The Science Department conference room felt ridiculously enormous for just two men to meet. However, Ken Redmond appreciated the choice of venue. Not just the fact that it was more spacious than either his or Reggie’s office, but the fact that it was neutral ground, so it didn’t have the emotional weight of meeting in either of their offices.

On the whole Reggie was a pretty laid-back commanding officer, especially for a Shep. Ken had heard plenty of stories about Alan Shepard’s management style as Chief Astronaut, even if those days had been long before his time. But when you went up to Reggie’s office, even to deliver a report rather than to answer for some fault in your department, there was always a sense of unease, of being on the spot. And when he came to your office, you always felt like your entire department was under the microscope.

Of course the real reason for them meeting here was the sophisticated 3-D A/V equipment Science had here. Equipment he needed for making his presentation on the innovative technique that might be able to produce replacement low-temperature bearings for the various cryo-pumps the settlement used.

Sure, he could’ve used the computer and monitor on his desk, maybe even offered the boss a pair of spex, but it wasn’t quite the same as having the images floating there on the tabletop, so real you’d think you could reach out and touch them. And right now, when he was asking for the boss to OK a huge departure from normal procedure, one that would involve changes in normal flight-certification procedures, he wanted the most persuasive presentation he could manage. Because he was really, really asking the boss to stick his neck out here.
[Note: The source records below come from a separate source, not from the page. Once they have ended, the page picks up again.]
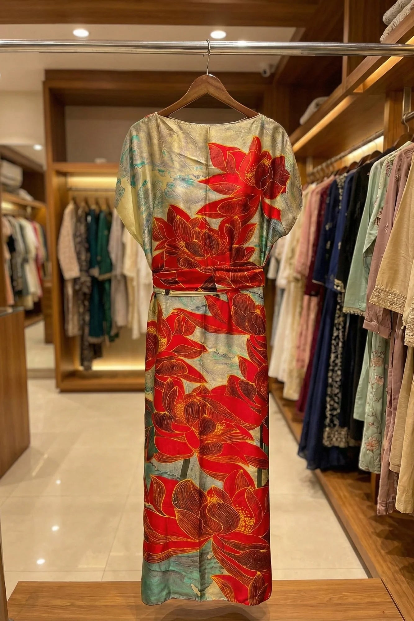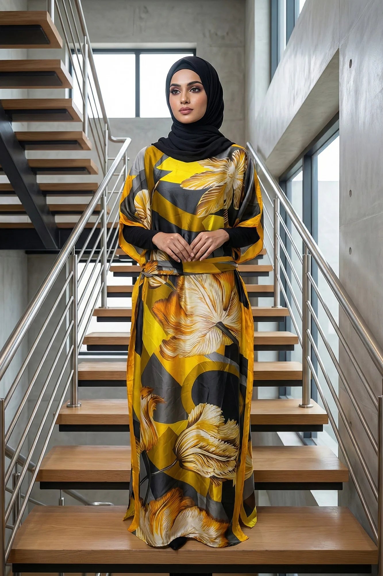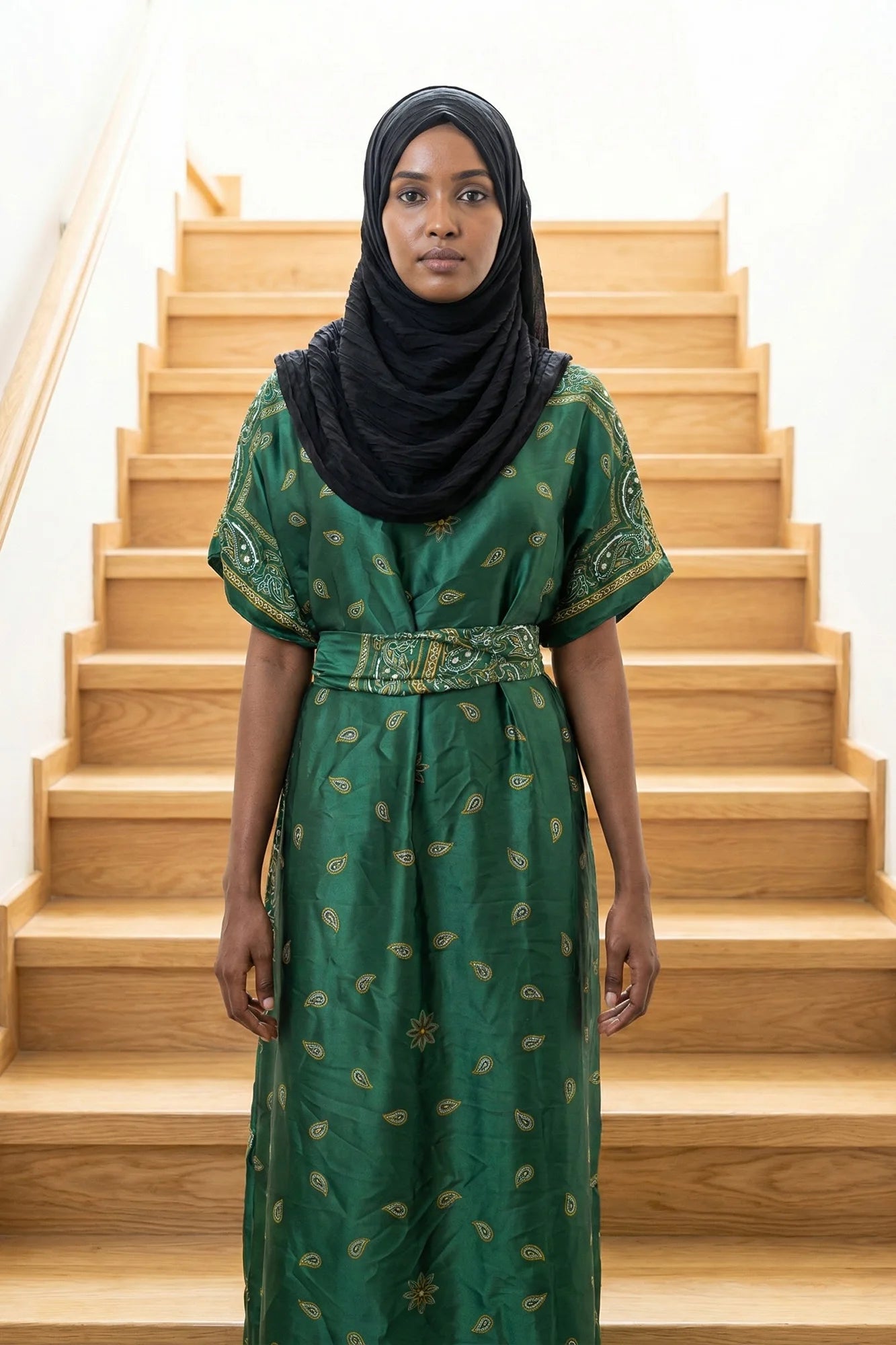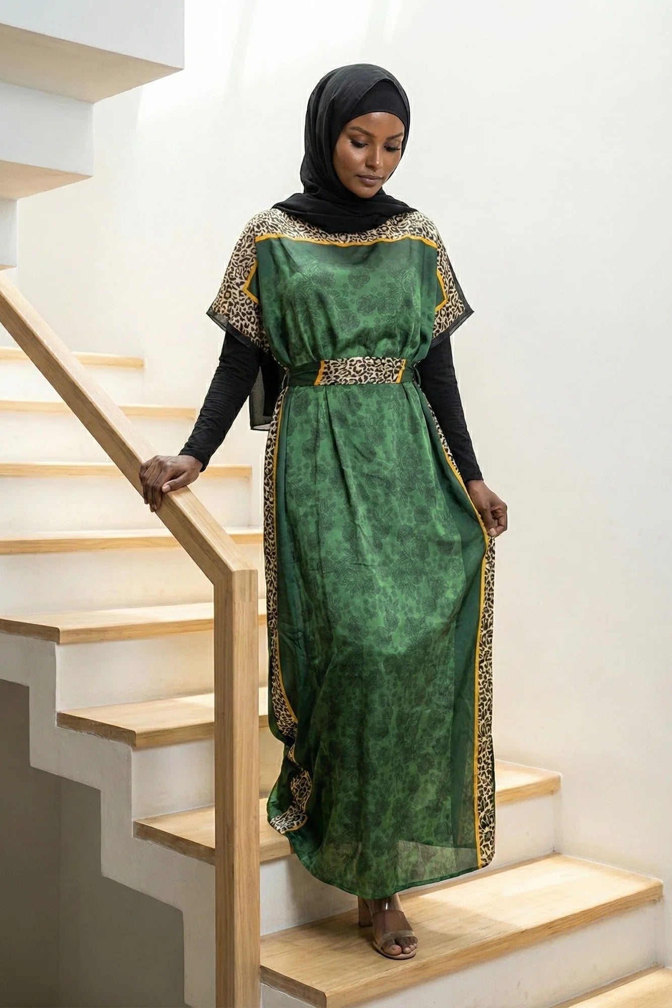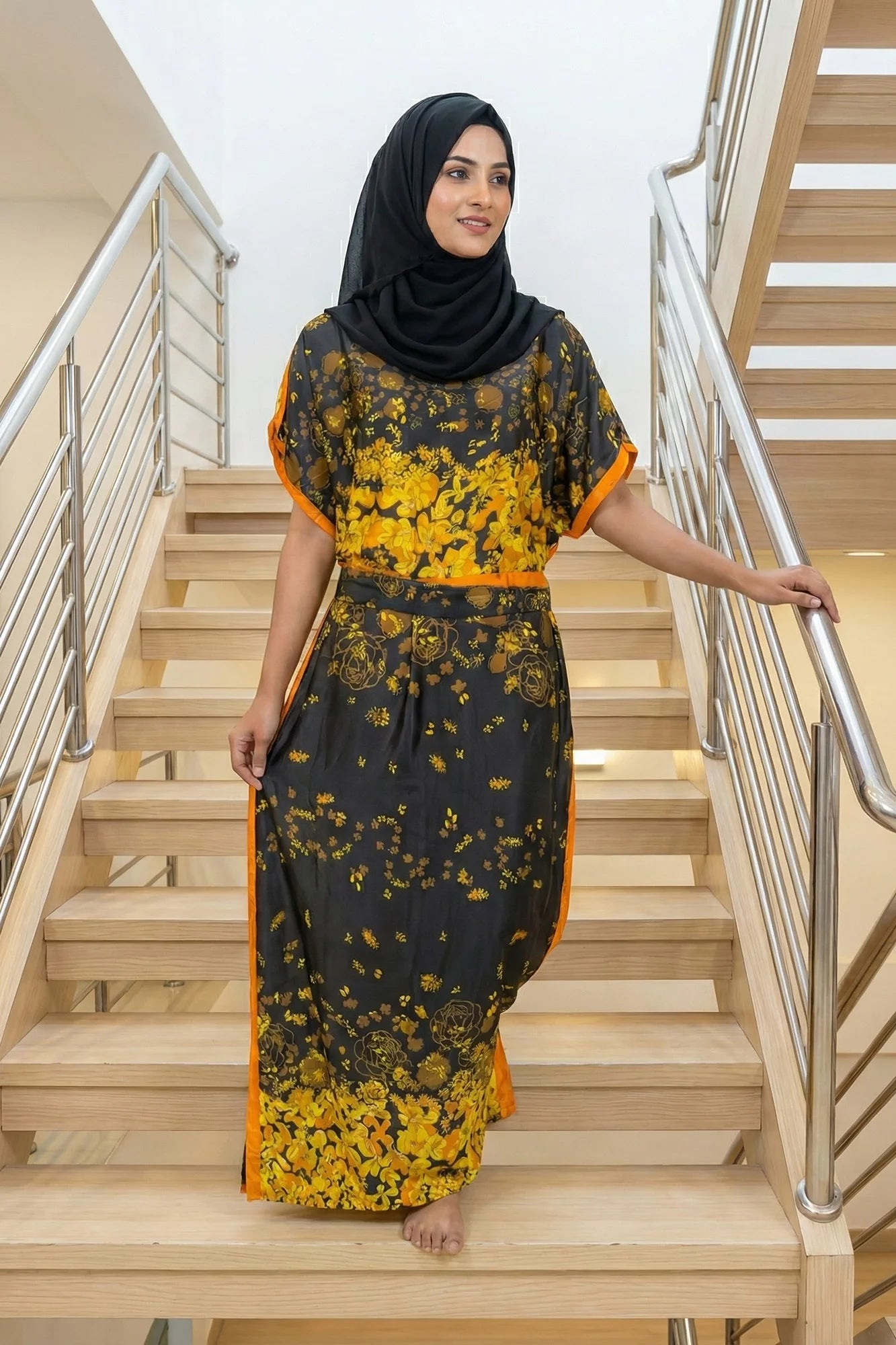 Luxe Jacquard Satin Kaftan with Print Detail
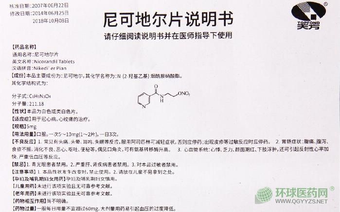 【藥品名稱】通用名稱:尼可地爾片
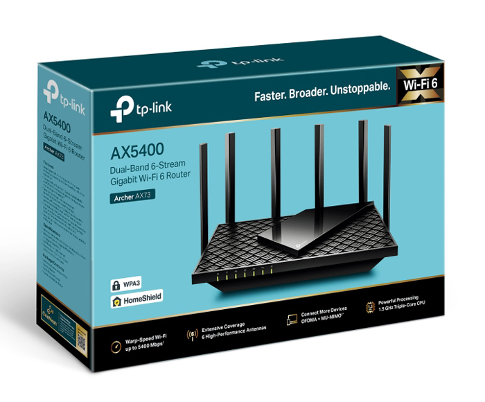 TP-LINK Router Archer AX73, WiFi 6, 5400Mbps AX5400, Dual Band, Ver. 1.0
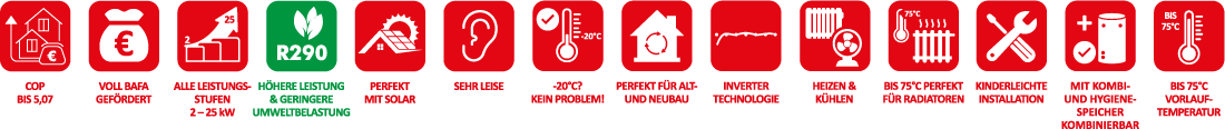 Ideal für Altbau: Vorlauftemperatur bis 75°C. Damit ist die Beheizung mit Radiatoren möglich. Dazu bieten wir Hohe Leistungsklassen an bis 25 kW.
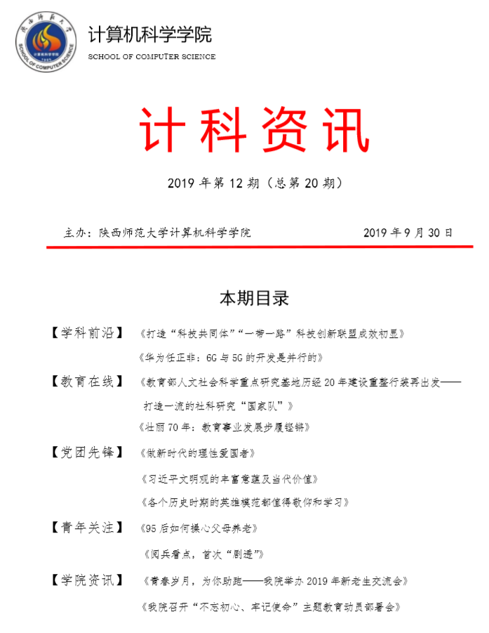 《计科资讯》是皇冠体育博彩 编辑整理的电子资讯,信息来源为《光明日报》《人民日报》《中国青年报》等权威纸媒,编辑工作由皇冠体育博彩 优秀本科生党员、团员承担。《计科资讯》主要包括学科前沿、教育在线、党团先锋、青年关注及皇冠体育博彩 资讯五个版块。皇冠体育博彩 师生可以从中了解到专业前沿和国家时政大事,欢迎大家下载阅读。
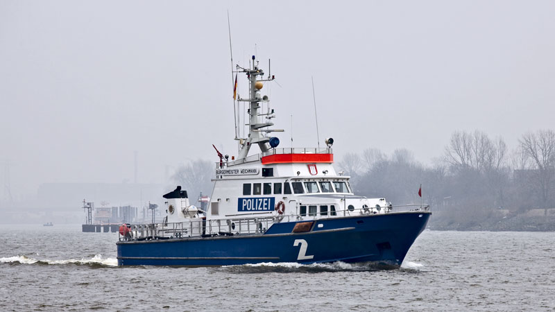 | BÜRGERMEISTER WEICHMANN der Wasserschutzpolizei schaute nach den rechten Dingen. Hamburg-Nienstedten, 2. März 2011 |

Reggie arrived just as Ken was finishing his final checks on the equipment, making sure everything would show without any glitches. “So what are we looking at that’s so important we need the holoprojector system up here?”

Ken explained about the bearings. “Ever since NASA terminated the contract with McHenery and switched to Salwell, they’ve been wearing out about three times as fast, and we’ve been having no end of trouble maintaining our supply of spares.”

“Salwell? Wasn’t that part of North American Aviation?”

“North American bought them out during the build-up to the Space Shuttle program, and it got spun off again after Boeing bought out North American.”

That got a nod from Reggie. “I remember that now. Probably because they had more of the corporate culture problems than the guys from Seattle wanted to beat out of a new acquisition.”

“North American always had corporate culture problems. It goes way back to Apollo, and I’ve got it on good authority that you could scare them straight for a while after a bad accident, but it never solved the root problem, so it was always a matter of time before they’d start getting lax about the technical stuff. I honestly don’t understand why NASA kept going back to them when you couldn’t rely on them.”

“Because NASA’s a government agency, and therefore beholden to the bidding process.” Reggie leaned back in his chair, looking so much like Alan Shepard that Ken could completely understand how Wally Schirra could take a double-take at encountering him. “So North American underbids everyone else, gets the contract, and then ends up going over budget because half their work’s substandard. But the bean-counters only look at the up-front numbers, so NASA’s pretty much stuck. Get a bad enough accident and you might be able to shake things loose for a while, but then bureaucratic systems reassert themselves.”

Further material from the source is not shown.